Хлебопчуком заинтересовались, как истинным чудом. О диковинном молодом человеке говорили все криворотовцы, стар и млад; девицы же бегали табунками к его окнам, чтобы подсмотреть под покровом темноты, что он делает, чем он занят. «Чита-ат! Чита-ат!» — [доносился до слуха Савы] слышался шепот и смех этих шпионок.
Он был чрезвычайно необщителен, приятелей не заводил; как появился в Криворотове, так и стал сразу затворником, ни с кем не сходясь ближе служебных отношений. Среднего роста, пониже Марова, но значительно шире его костью и полнее, молодой человек был смугл лицом, волосом черен, скуласт и непригляден. Широкие черные брови на низком и смуглом лбе, покрытом морщинами, старили Хлебопчука лет на десяток; а когда он хмурил эти широкие брови, глядя понурым и печальным взглядом темно-карих глаз, его смуглое безбородое лицо принимало совсем старческое и мрачное выражение, не располагавшее к приятельской болтовне. Людей он сторонился, и люди стали его сторониться, после тщетных попыток сблизиться с ним ради выпивки, карт, девчонок.

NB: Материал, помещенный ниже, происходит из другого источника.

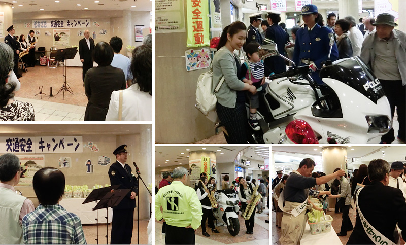 大阪地下街「ディアモール」において「こどもと高齢者の交通事故防止」を呼びかけ、子供用、成人用の反射材(タックルバンド)を配布し交通安全を訴えました。また、女性警察官の「白バイ」と子供の写真撮影も実施し、多くの市民から好評を得ました。

Жил он монахом, водки не пил ни капли, в карты не играл, и все читал книги, принадлежащие лично ему, привезенные им с собой в большом ящике, который он хранил под кроватью и держал на замке. [Лишь изредка уступая потребности молодого организма в движении, он принимал участие в общественной игре криворотовцев — в чушки; да и то как бы против желанья: палки метал апатично, молча, без выкриков и крепких слов — без одушевленья! При проигрыше не спорил, при выигрыше не зубоскалил и противника не высмеивал. Надо ли говорить, что, по нашему общему мнению, это был человек и странный и чудной, и даже несколько — того, как бы не в полном рассудке.]
— Хлебопчук хороший работник! — с жаром похвалит скупой на похвалу Чернозуб.
— Ничего, — снова подтвердит Маров, так же осторожно. — Работник, слава богу, исправный.
И тотчас же поспешит переменить тему, заведя деловой разговор о необходимом ремонте.
— Поршневые кольца, записал я, сменить, Николай Эрастыч. У заднего тендерного ската, как я докладывал вам, выбоины в четыре с половиной мели́метра — переточить бы бандажи…
А в вечернюю пору, сидя с собственным своим помощником за составлением наряда бригад, при чем идет поминовение «вверенных», как за проскомидией, встретится Николай Эрастович с любезной ему парочкой сорокового паровоза и высказывает с отеческим умилением свое удовольствие юному инженеру.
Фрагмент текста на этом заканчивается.